Reconstruire le regard savant (François SIINO)

 

Au terme d’une première et rapide lecture transversale de ces sources mémorielles sur le temps de la coopération, il serait évidemment prématuré de prétendre tirer des conclusions ; il s’agit plutôt de souligner la richesse et le caractère ouvert d’un corpus qui invite à des analyses plus ciblées. Il faut aussi en souligner les manques, le plus criant étant sans doute – à ce stade – le trop faible nombre d’entretiens avec des témoins maghrébins de cette période. Leurs témoignages et leurs analyses sont pourtant une composante indispensable pour prolonger l’enquête et appréhender dans toute sa complexité la construction du champ intellectuel franco-maghrébin qui se dessine à cette époque.

Cette première lecture conduit néanmoins à s’interroger sur la pertinence de la catégorie même de « coopérant » pour réfléchir aux effets en retour de cette période. En d’autres termes, peut-on parler d’une génération de coopérants français au Maghreb au sens où Jean-François Sirinelli identifie une génération intellectuelle de la guerre d’Algérie (Sirinelli, 1999) ? Probablement pas, pour des raisons qui tiennent à la fois à la composition objective de l’ensemble d’individus que recouvre cette appellation et à la perception subjective que ceux-ci ont de leur existence collective.

On l’a dit au début de ces lignes, il s’agit d’une population composite, aux statuts divers, et dont l’expérience vécue a fortement varié du fait de la diversité des espaces concernés et surtout de la longue durée sur laquelle elle s’est déroulée. Parmi les rares témoignages écrits, il suffit de lire en parallèle celui d’un coopérant en poste en Tunisie dans les années 1960 (Fouchard, 2001) et ceux du « dernier coopérant français en Algérie » rentré en France en 1994 (Durand, 1997) pour mesurer la difficulté de comparer des parcours intervenus à trois décennies d’intervalle. De fait, si les récits écrits sur cette période sont si rares, ce n’est certainement pas du fait de l’oubli : les témoignages oraux recueillis au cours de cette enquête montrent au contraire la force et l’intensité des souvenirs, le désir d’en transmettre le contenu tout à la fois humain, intellectuel, émotionnel, politique… Mais il s’agit visiblement d’une mémoire qui ne s’inscrit pas spontanément dans un cadre collectif. Même si des contacts individuels ont pu être maintenus entre anciens coopérants universitaires, il n’existe apparemment à ce jour aucun regroupement de type associatif ou autre, se voulant porteur d’une identité et d’une mémoire commune[1].

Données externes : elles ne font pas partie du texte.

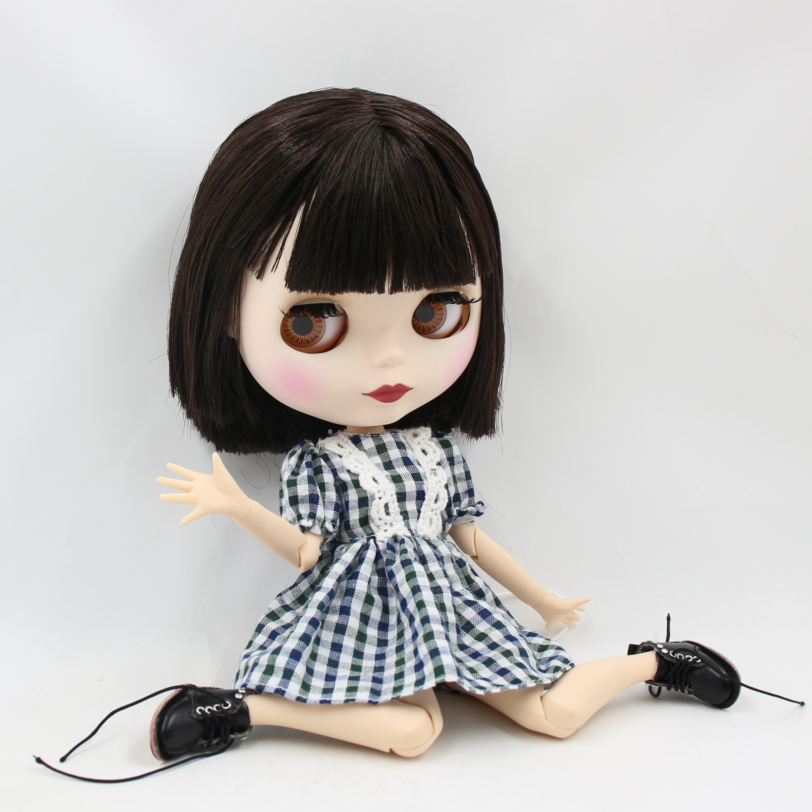 Kate – Premium Custom Blythe Doll with Cute Face Brown Hair Custom Blythe Doll Matte Face Custom Blythe Doll White Skin Custom Blythe Doll

Une autre raison de la difficulté à se penser en tant que groupe tient sans doute également à une contradiction inhérente au statut du coopérant et à la finalité de sa mission : en tant que membre d’un collectif censé contribuer à l’autonomie des pays assistés, celui-ci n’a en effet d’autre raison d’être que de travailler à sa propre disparition (c’est-à-dire son retour en France), d’autre horizon que d’acquérir la certitude d’être devenu inutile une fois remplacé. Il est donc plus facile, y compris sur le moment, de penser la coopération comme une expérience humaine et intellectuelle personnelle et singulière. Une telle posture permet, sinon d’aller jusqu’à envisager une installation définitive dans le pays – ce que plusieurs ont néanmoins fait –, du moins de ne pas fixer au séjour d’échéance précise. Et dans la plupart des cas, les raisons du retour tiennent moins au sentiment d’avoir rempli son contrat (et donc d’être devenu superflu), qu’à des considérations personnelles (familiales, universitaires, professionnelles).

Mais si le statut de coopérant n’a pas en tant que tel créé d’effet générationnel identifiable, les témoignages des jeunes intellectuels qui en ont fait l’expérience confirment néanmoins un fait majeur : le temps de la coopération a été l’une des matrices majeures de la formation de ceux qui allaient devenir dans les décennies suivantes, les spécialistes français du Maghreb, et plus largement du monde arabe. De ce point de vue, leur expérience est à rapprocher de tous ceux qui ont vécu une autre forme de coopération scientifique en animant, à la même époque et plus tard, les centres français de recherche dans le monde arabe (au Caire, à Beyrouth et Damas). Nombre d’entre eux ont d’ailleurs connu successivement les deux expériences, dans une série d’aller-retour entre la France, le Sud et l’Est de la Méditerranée. C’est de ce vivier que sont sortis la plupart de ceux qui ont occupé des fonctions de recherche et d’enseignement au sein d’institutions de recherche sur le monde arabe et musulman en France, qui les ont eux-mêmes parfois créées, et, à un moment où à un autre, les ont dirigées. Pour ne prendre qu’un seul exemple, l’historien André Raymond, coopérant en Tunisie (1957-59) a dirigé par la suite l’Institut Français d’Etudes Arabes de Damas (1969-75), fondé l’Institut de Recherches et d’Etudes du Monde Arabe et Musulman d’Aix-en-Provence dont il a été le premier directeur (1986-89). On voit ainsi comment le déplacement géographique de la coopération peut s’avérer le prélude de vocations dans lesquelles le contexte, l’engagement politique et les options épistémologiques se combinent pour produire des parcours intellectuels originaux.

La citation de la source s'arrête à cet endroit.